Below this sentence is a listing; return exactly its lines from the one with "Hur stor area" to the one with "在劇中,唐琬由國家一級(jí", both kept, and nothing more.

------ The records

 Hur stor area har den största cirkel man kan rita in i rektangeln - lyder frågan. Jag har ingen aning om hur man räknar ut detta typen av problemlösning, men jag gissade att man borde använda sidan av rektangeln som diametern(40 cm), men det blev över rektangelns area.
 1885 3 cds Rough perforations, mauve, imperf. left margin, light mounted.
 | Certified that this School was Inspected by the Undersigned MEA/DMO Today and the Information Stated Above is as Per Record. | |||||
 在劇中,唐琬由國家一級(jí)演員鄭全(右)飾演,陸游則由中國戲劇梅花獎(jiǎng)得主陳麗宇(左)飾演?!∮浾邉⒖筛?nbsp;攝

------------
------ The records

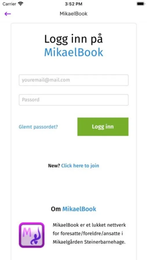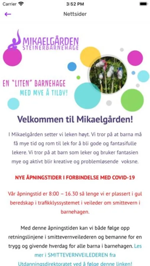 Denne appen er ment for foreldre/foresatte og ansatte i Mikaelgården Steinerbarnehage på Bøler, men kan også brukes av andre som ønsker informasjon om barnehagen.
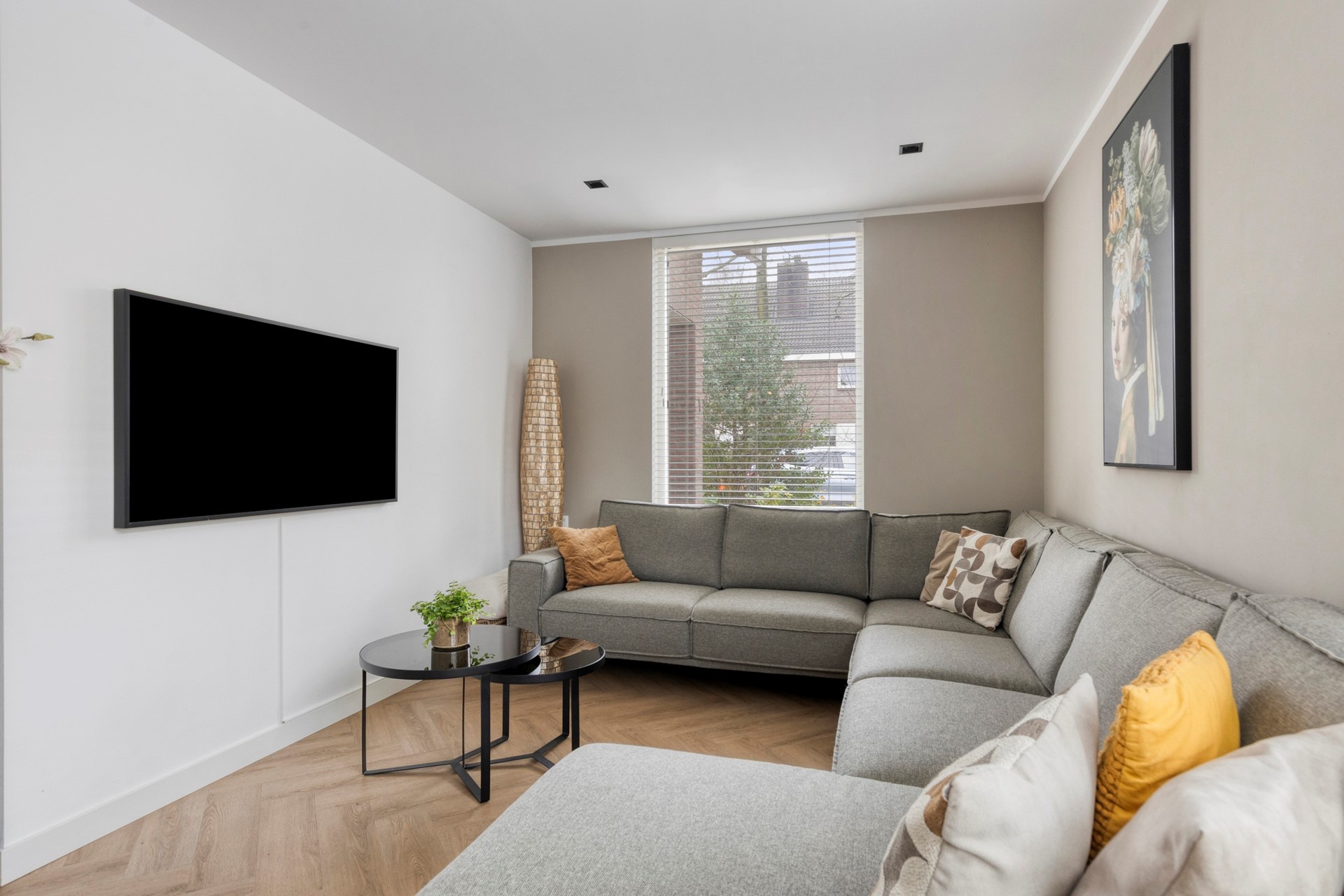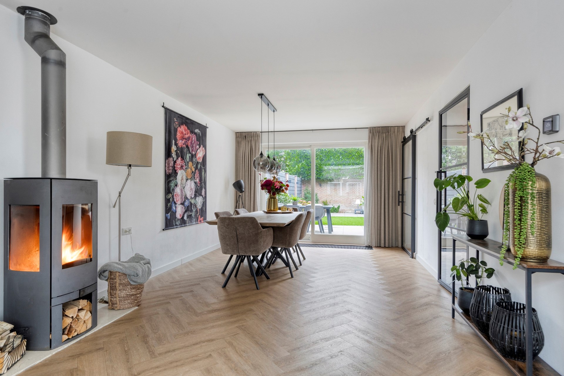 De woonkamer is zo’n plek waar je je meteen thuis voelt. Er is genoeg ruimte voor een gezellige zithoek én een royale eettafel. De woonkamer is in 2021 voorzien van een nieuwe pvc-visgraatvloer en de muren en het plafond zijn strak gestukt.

------------
------ The records

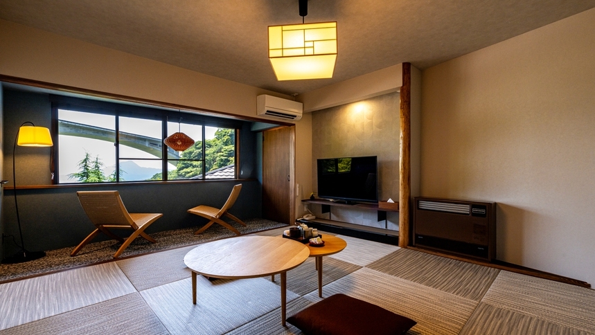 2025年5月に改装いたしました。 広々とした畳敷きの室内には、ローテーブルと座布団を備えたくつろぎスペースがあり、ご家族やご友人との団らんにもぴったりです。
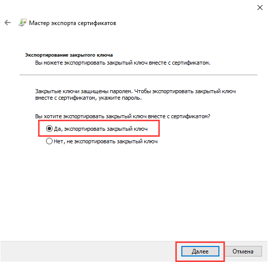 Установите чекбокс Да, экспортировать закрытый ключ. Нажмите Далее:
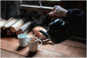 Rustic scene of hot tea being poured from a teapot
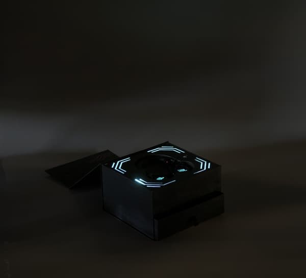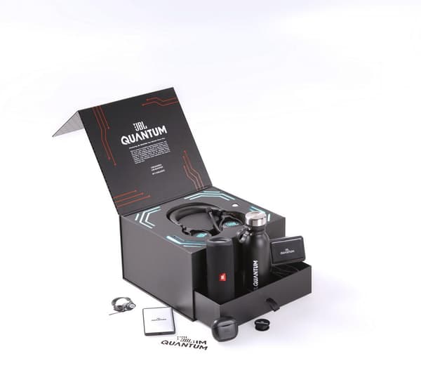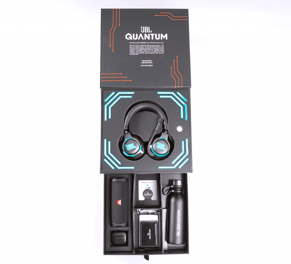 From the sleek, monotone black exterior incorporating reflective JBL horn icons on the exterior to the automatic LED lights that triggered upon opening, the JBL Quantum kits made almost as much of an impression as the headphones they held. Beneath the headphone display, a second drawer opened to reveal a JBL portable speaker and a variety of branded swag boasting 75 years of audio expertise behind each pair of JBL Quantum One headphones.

------------

• [Result of the task]:
 Hur stor area har den största cirkel man kan rita in i rektangeln - lyder frågan. Jag har ingen aning om hur man räknar ut detta typen av problemlösning, men jag gissade att man borde använda sidan av rektangeln som diametern(40 cm), men det blev över rektangelns area.
 1885 3 cds Rough perforations, mauve, imperf. left margin, light mounted.
 | Certified that this School was Inspected by the Undersigned MEA/DMO Today and the Information Stated Above is as Per Record. | |||||
 在劇中,唐琬由國家一級(jí)演員鄭全(右)飾演,陸游則由中國戲劇梅花獎(jiǎng)得主陳麗宇(左)飾演?!∮浾邉⒖筛?nbsp;攝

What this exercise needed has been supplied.